第2500章
许大贵要的不是多活几年。
他想要让孙子和侄子一样,靠着姻亲在城里站稳脚跟。
许海柏在妻子面前各种卑微,可在许家众人中,他算是混得最好的人。因此,态度格外强势,完全不顾许大贵的拒绝,直接包了三副药。
三副药花了近五两银子。
许大贵只觉得心都在滴血,在医馆中大喊大闹也拦不住侄子,出门后就想和侄子讲讲道理。
“你将答应我的事情办到就行,我不想喝苦药汤子。”
“暂时办不到。

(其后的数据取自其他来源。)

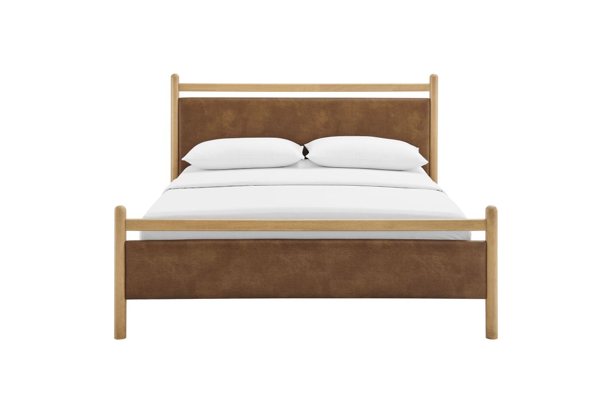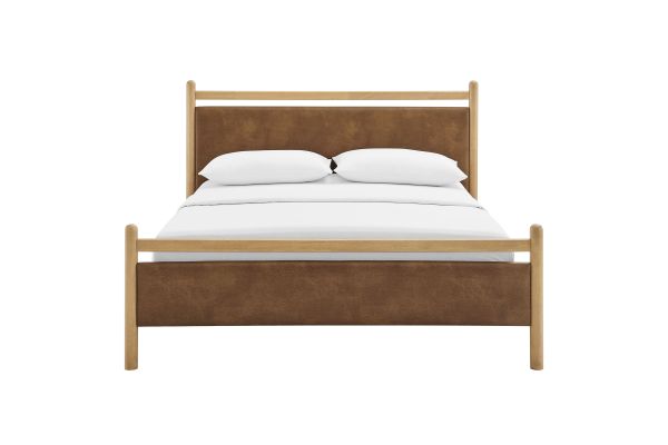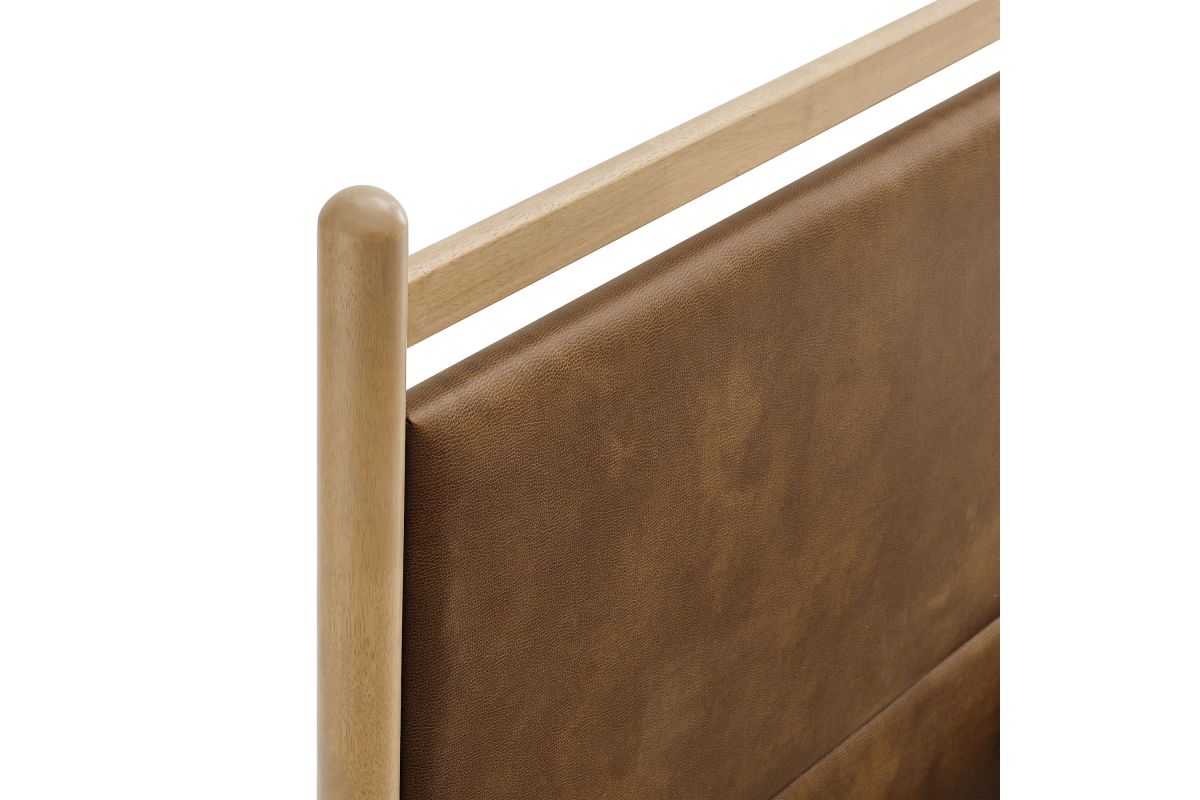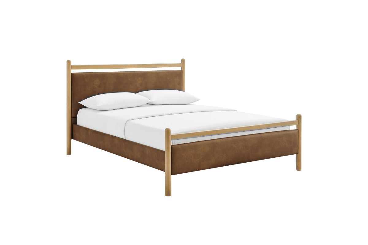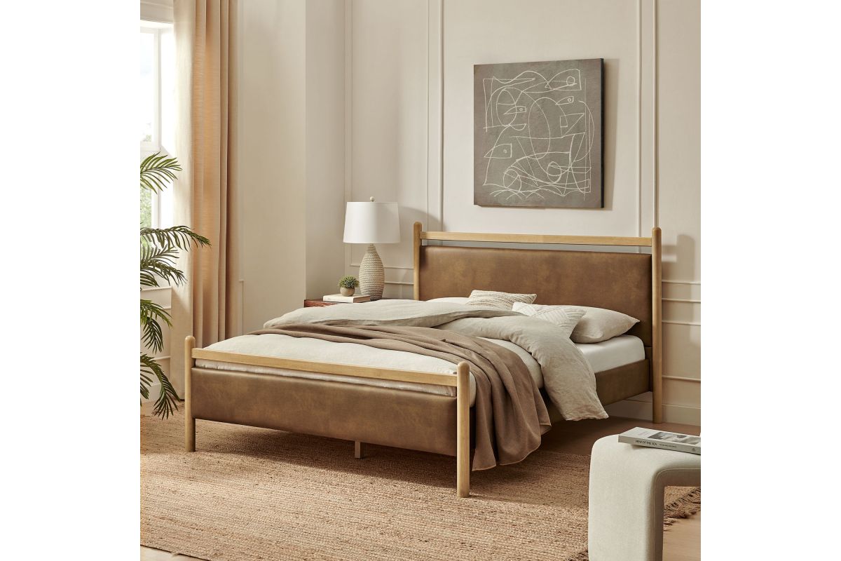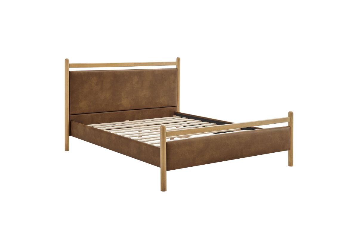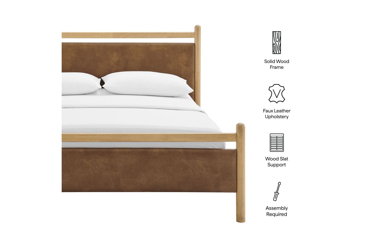 Refresh a primary or guest bedroom with the Ginny Queen Size Vegan Leather Platform Bed, a clean, modern profile built on a solid wood frame with a cushioned faux leather headboard and footboard for a supportive, lounge-comfort feel. Smooth lines keep the look light, while padded touchpoints invite reading, relaxing, and easy wind-downs. A durable wood slat support system provides a sturdy, well-ventilated base for your queen mattress—no box spring needed—making setup simple and the sleep surface comfortable night after night. Designed to mix with a range of bedding and decor, Ginny delivers a tidy, pulled-together look from day one. Assembly required.
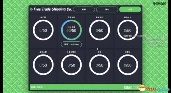 我将化学原料堆到了50箱,可以看到,买家给了70%的额外奖励,也就是说卖出去的利润是85万。
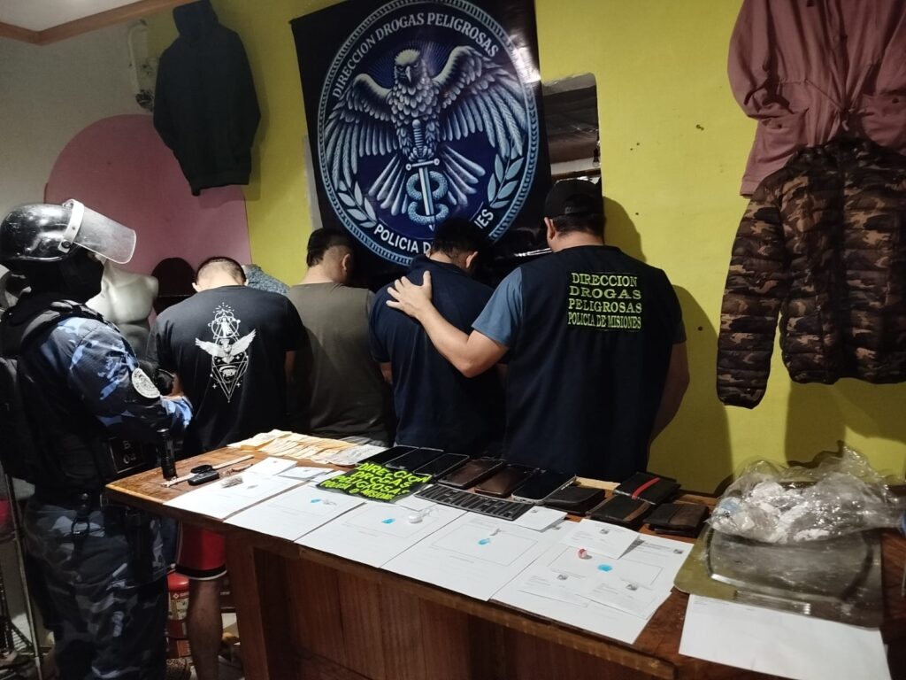 En un operativo realizado esta madrugada, la Policía de Misiones desmanteló un narcokiosco que operaba en el barrio Hipólito Irigoyen de Posadas, bajo la fachada de un local de venta de ropas y calzados. Cuatro hombres fueron detenidos y se secuestraron dosis de cocaína, marihuana, dinero en efectivo y elementos utilizados para el corte y fraccionamiento de estupefacientes.
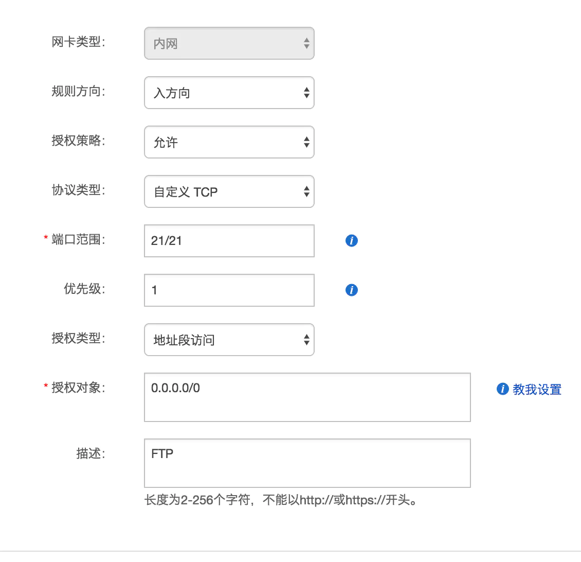 搭建好 FTP 站点后,您需要在实例的安全组的入方向添加一条放行 FTP 端口的规则。
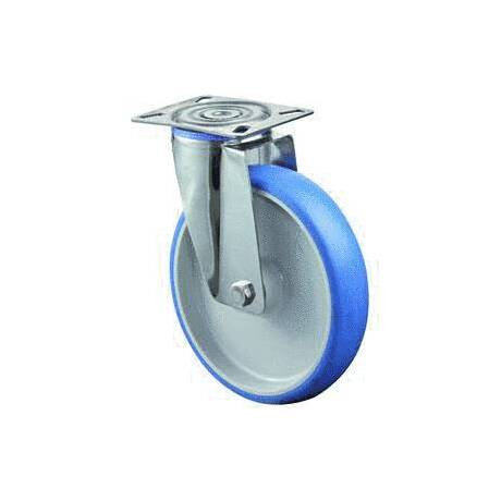 vidlice: nerezový plech s dvojitým kuličkovým věncem, kolo: bílý polyamid s modrým polyuretanovým běhounem Shore A 85 na kluzném ložisku
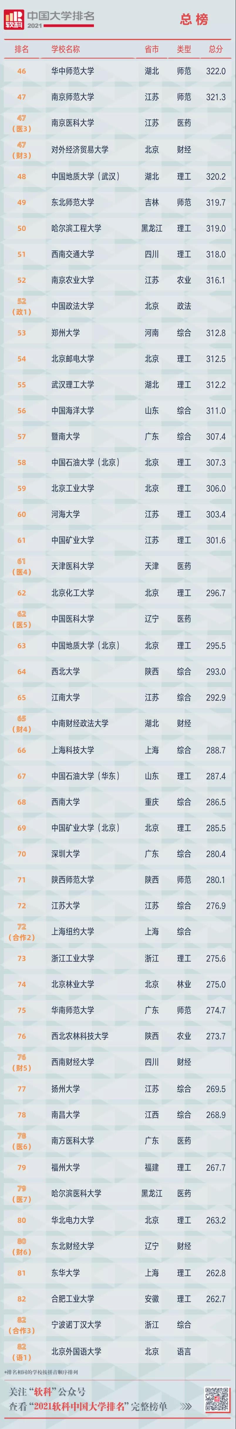 下表為綜合性大學排名、6個單科性大學和合作辦學大學的全國參考排名總榜單。

”许海柏直言,“我也想拉拔侄子,可……那得是我站稳脚跟之后再伸手拉人啊,你们都听到了妙娘的话,她绝对不答应这门婚事……我自己都站立不稳,强行再塞一个人过来,最后只会是我们俩一起被淹死。”
他叹口气,“大伯,事不可为,别再强求了。”
“我不喝药!”许大贵满脸执着,他还想发脾气,被边上的儿子和孙子摁住了,他眼神偏执,“你答应过我的,咱们都是男人,男人说的话必须要算数,吐出去的口水你能咽回去吗?”
许海柏:“……”
“做城里的女婿看似光鲜,其实也要受许多的委屈。妙娘当着你们这些客人的面就对着我甩脸子,背地里更是跋扈得厉害……”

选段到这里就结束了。